= Epistemic insight =

Educational construct

Epistemic insight is a leap of mind that takes place when a learner makes a connection or realisation about how knowledge works. The construct is chiefly used in educational contexts. It encompasses curiosity, critical thinking and understanding concerning the nature of knowledge. It is associated with research and articles that seek or discuss ways to advance student understanding of knowledge and the interdependencies of disciplines across subjects and in real world contexts.

== Definition ==

Epistemic insight has been defined as 'knowledge about knowledge and in particular, knowledge about disciplines and how they interact. Although sharing concepts with epistemology, epistemic insight is to epistemology what insight is to philosophy. The philosopher Bernard Lonergan describes insight as a mental leap commonly characterised as an ‘aha’ moment or epiphany. Thus, epistemology is broadly understood as a branch of philosophical study into the nature and limits of knowledge. In comparison, epistemic insight is a leap of mind that takes place when a learner makes a connection or realisation about how knowledge works that makes sense to them. In a robotics workshop teenagers explored the question of what it means for them to be alive. The researchers analysed students’ surveys and feedback and say that participating students became more knowledgeable about the nature of science and why some questions are more amenable to scientific inquiry than others. In this and other examples epistemic insight is the 'aha' moment that comes when students see how to apply epistemic knowledge to design a better real-world product or to clarify a complex 'wicked' real-world problem.

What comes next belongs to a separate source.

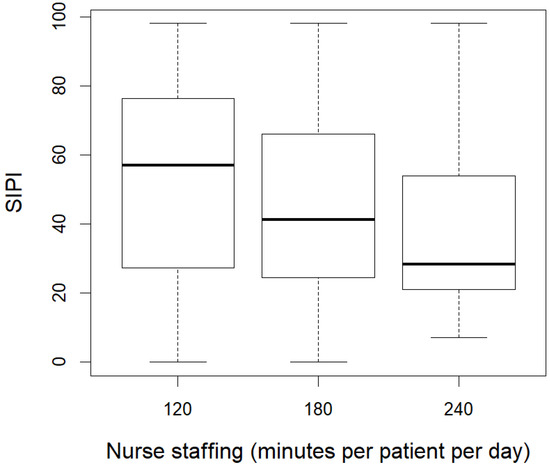 Boxplot showing the distribution of SIPI by nurse staffing (minutes per patient per day).

== The Epistemic Insight Initiative ==

The Epistemic Insight initiative encourages research and curriculum innovation in epistemic insight and promotes materials designed to support teachers, tutors and researchers working across multiple stages of education. The Initiative launched a collaboration between a consortium of higher education teaching institutions in England which included Canterbury Christ Church University and St Mary's University, Twickenham.

== Applications in education ==

Epistemic insight is in a family of terms that are associated with aims to equip students with attitudes, virtues and competencies that they will need as wise and compassionate citizens. Other more established members are scientific literacy, epistemic humility and critical thinking. The potential for entrenched subject compartmentalisation and teaching to the test to reduce students' capacities to be curious about how knowledge works in the real world and in the context of Big Questions is at the heart of pedagogies and reforms associated with epistemic insight. According to Billingsley and Fraser, the guest editors of a themed edition of Research in Science Education, Adopting epistemic insight as a curriculum goal can potentially engage students’ intellectual curiosity, develop their interdisciplinary scholarly expertise and ability to find solutions to wicked problems which are rational and compassionate.
Tools for teaching epistemic insight include the Discipline Wheel, where a question is put into the centre of a circle and students consider how the question might be interpreted and investigated by a number of different disciplines. An article for BBC Teach by science educator Leigh Hoath gives ‘What is climate change’ as an example of a Big Question that can be unpacked through the lenses of a range of disciplines students study in school including science, history, geography and mathematics. Hoath explains that exploring climate change through the perspectives of different subjects using a Discipline Wheel helps students to appreciate that responsibility for responding is shared across many sectors in society. Potentially, a curriculum which engages with epistemic insight may also widen the pipeline from school to science and science-related careers. There is also an advisory curriculum framework for teachers which illustrates what gains in epistemic insight look like at different levels across the stages of education.

== Publications ==
A collection of papers on epistemic insight was published in 2017 by The Association for Science Education in a themed section of School Science Review called Epistemic Insight: The power and limitations of science. A further special edition of School Science Review on epistemic insight in December 2017 was called Science, Engineering and Big Questions. One article addresses how science and the history of art can work together to tell the story of a painting while another considers the characteristics of a biologist's view of life. A third edition of School Science Review with a theme of Epistemic Insight was published during the COVID-19 pandemic. Called The role and relevance of science in addressing global concerns. it included an article that discussed media reporting of science during the pandemic

Research articles discussing epistemic insight have reported surveys, interviews and pedagogies in schools and teacher education and other areas of higher education such as the classics.